Why is this so? Let’s have two vectors $x = (x_1, ..., x_n)$. It’s enough to show:

$X Rot(x) e = Rot(x) X e$

This is clear from below:

$X Rot(x) e = X (x_1 I_n + x_2 X ... + x_n X^{n-1}) e$

$Rot(x) X e = (x_1 I_n + x_2 X ... + x_n X^{n-1}) X e$

I haven’t read the paper, but MIT lecture (opens new window) says Miccancio showed in 2007 that such hash function is a secure one-way function (difficult to invert).

However, it is not a collision-resistant hash function. Before having a look what’s the reason let’s see the definition of Ring-SIS problem.

Definition: For a ring $R$, integer modulus $Q \geq 2$, and integer $l \geq 1$, the (average-case) Ring-SIS problem is defined as follows. The input is $a_1,...,a_l \in R_{[q]}$ sampled independently and uniformly at random. The goal is to output $e_1, ..., e_l \in R_{\{-1, 0, 1\}}$ not all zero such that $a_1 e_1 + ... + a_l e_l = 0 \; mod \; qR$.

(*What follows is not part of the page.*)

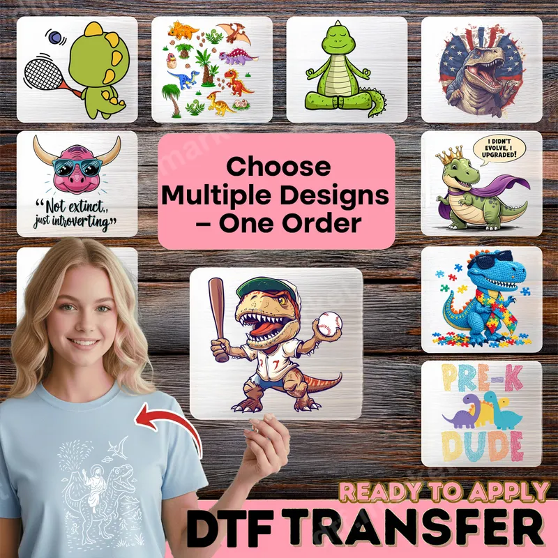 See allStep up to the plate with our fierce yet fun Baseball T-Rex DTF transfer! This vibrant design features a cool Tyrannosaurus Rex in a baseball uniform, complete with bat and ball, ready to hit a home run. Perfect for adding a unique prehistoric twist to your apparel, this high-quality direct to film transfer is ready to press right out of the package, ensuring quick and easy application without any hassle. This awesome dinosaur baseball design is ideal for any fan of America's favorite pastime, dinosaur enthusiasts, or kids who love both! It's a fantastic choice for little league team shirts, game day apparel, birthday gifts, or just to show off a playful spirit. Whether you're heading to the ballpark or a dino-themed party, this ready to press transfer will make a statement. Applying this heat transfer is incredibly simple. It works flawlessly on a wide variety of materials, including cotton, polyester, and their blends. For best results, use a heat press at 300-325°F for 15 seconds with medium pressure, then a warm peel. No heat press? No problem! A household iron can also be used, making it a versatile iron on transfer for any crafter. Enjoy professional results with no weeding required. Crafted with professional-grade DTF film and strong adhesive, this apparel transfer delivers exceptional durability and vivid colors that pop. Our ready to press transfers are designed to be crack-resistant, peel-resistant, and incredibly soft to the touch, ensuring your custom t-shirt transfer looks great wash after wash. Get ready for a high-quality, long-lasting custom design that truly stands out.

However, Ring-SIS over $\mathbb{Z}[x]/(x^n-1)$ is not hard.

It holds:

$x^n - 1 = (x - 1) (x^{n-1} + ... + x + 1)$

Let’s denote $\tilde{e} = x^{n-1} + ... + x + 1$.

We can see that $(\tilde{e}, 0, ..., 0)$ is a solution to Ring-SIS problem whenever $a_1$ is divisible by $x-1$. The probability that $a_1$ is divisible by $x-1$ is $\frac{1}{q}$ (whenever $a_1(1) = 0 \; mod \; q$).